====== Material shown

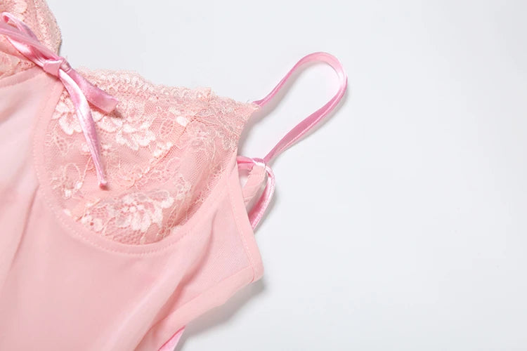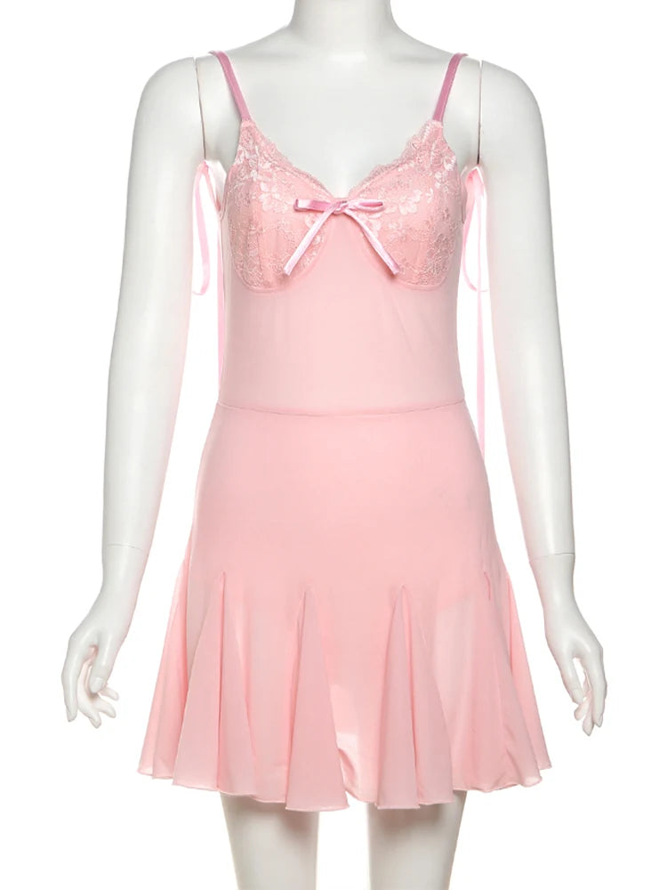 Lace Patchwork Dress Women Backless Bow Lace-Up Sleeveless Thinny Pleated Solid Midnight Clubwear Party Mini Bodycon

============
====== Material shown

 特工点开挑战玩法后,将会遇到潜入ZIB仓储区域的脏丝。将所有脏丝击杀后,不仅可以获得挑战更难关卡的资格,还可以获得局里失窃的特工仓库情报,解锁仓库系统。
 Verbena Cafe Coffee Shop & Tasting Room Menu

============

§ **To do**
Every line from the line containing "特工点开挑战玩法后,将会遇到" through the line containing "Verbena Cafe Coffee Shop & Tasting Room Menu" in the records above must be retyped exactly. Leave out the rest.

§ **Expected answer**
 特工点开挑战玩法后,将会遇到潜入ZIB仓储区域的脏丝。将所有脏丝击杀后,不仅可以获得挑战更难关卡的资格,还可以获得局里失窃的特工仓库情报,解锁仓库系统。
 Verbena Cafe Coffee Shop & Tasting Room Menu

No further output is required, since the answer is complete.